È appena sbarcato in Puglia, il suo buon ritiro estivo, scoperto grazie alla moglie. E da quella punta del Belpaese che si tuffa nello Jonio, Demetrio Albertini è pronto a raccontare del battesimo di Andrea Pirlo e di molto altro che ha a che fare col suo lavoro di dirigente e con la fuga dalla panchina. «Pensate: ho incrociato Andrea la mattina prima dell'esonero di Sarri. Abbiamo giocato a paddle e alla fine mi ha ripetuto il suo programma, il 15 agosto era pronto per l'incarico all'under 23 e non sembrava affatto preparato al cambio clamoroso di programma e di incarico» il primo contributo. Seguito dal secondo che è ancora più suggestivo: «Sono proprio io, come presidente del settore tecnico di Coverciano, che gli firmerò il patentino da allenatore. Durante la frequentazione del corso abbiamo spesso parlato: ha le idee chiare e può sfruttare un grande vantaggio».
Quale?
«È abituato, nella sua carriera da calciatore, ad assumersi rischi e a mostrare coraggio. Uno come Pirlo che ha affrontato sfide impegnative non può avere paura».
Basterà il coraggio?
«Vedrete: entrerà in punta di piedi nello spogliatoio della Juve, con umiltà, ma circondato dall'autorevolezza del suo passato. Poi toccherà ai calciatori fare il resto. Potrà contare inoltre su un altro aiuto fondamentale: quello della società. La Juve non ha fatto una scelta di comodo, è stato un bell'azzardo!».

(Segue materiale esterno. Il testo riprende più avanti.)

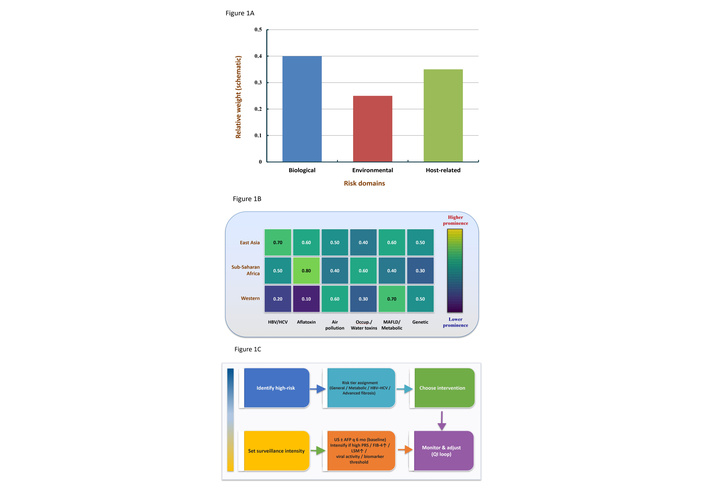 Framework for precision prevention of primary liver cancer: risk domains, regional context, and decision pathway. (A) Domain-level contribution of major risk categories—biological (e.g., HBV/HCV, aflatoxins), environmental (e.g., air pollution, occupational/waterborne toxins), and host-related (e.g., MAFLD/metabolic, genetics)—displayed as relative weights (schematic). (B) Cross-regional heatmap (schematic) illustrating the prominence of specific risk factors across East Asia, sub-Saharan Africa, and Western settings (HBV/HCV, aflatoxin, air pollution, occupational/water toxins, MAFLD/metabolic, genetic). (C) Prevention-strategy flow chart outlining the decision path from high-risk identification and risk-tier assignment (general/metabolic/HBV–HCV/advanced fibrosis) to choice of intervention (risk elimination; early warning & targeted management; chemoprevention), setting surveillance intensity (baseline US ± AFP every 6 months; intensify if high PRS, elevated FIB-4 or LSM, viral activity, or biomarker thresholds), and monitor-and-adjust (QI loop). Values in panels A and B are illustrative placeholders to be replaced with cohort-specific estimates as available. AFP: alpha-fetoprotein; FIB-4: fibrosis-4 index (also called the fibrosis-4 score); HBV: hepatitis B virus; HCV: hepatitis C virus; LSM: liver stiffness measurement; MAFLD: metabolic dysfunction–associated fatty liver disease (i.e., NAFLD: non-alcoholic fatty liver disease); PRS: polygenic risk score; QI: quality improvement; US: ultrasound.

Adesso però sveli un segreto: perché non ha mai pensato di fare l'allenatore Demetrio Albertini, centrocampista di talento, come Pirlo, Guardiola, Conte, Ancelotti, Gattuso?
«E invece all'inizio ho avuto la tentazione. Nel gennaio del 2005 ho anche frequentato il corso: avrei le carte in regola per andare in panchina. Ma non ho mai pensato di fare quel mestiere».
Come spiega il successo di tanti centrocampisti nel ruolo di allenatore?
«Perché sono abituati alle due fasi. A soccorrere con generosità i difensori quando si tratta di contrastare i rivali e di suggerire con fantasia assist per gli attaccanti quando c'è proporre gioco offensivo. È uno dei pochi ruoli nel calcio che ti consente una visione completa. Di qui il successo della categoria».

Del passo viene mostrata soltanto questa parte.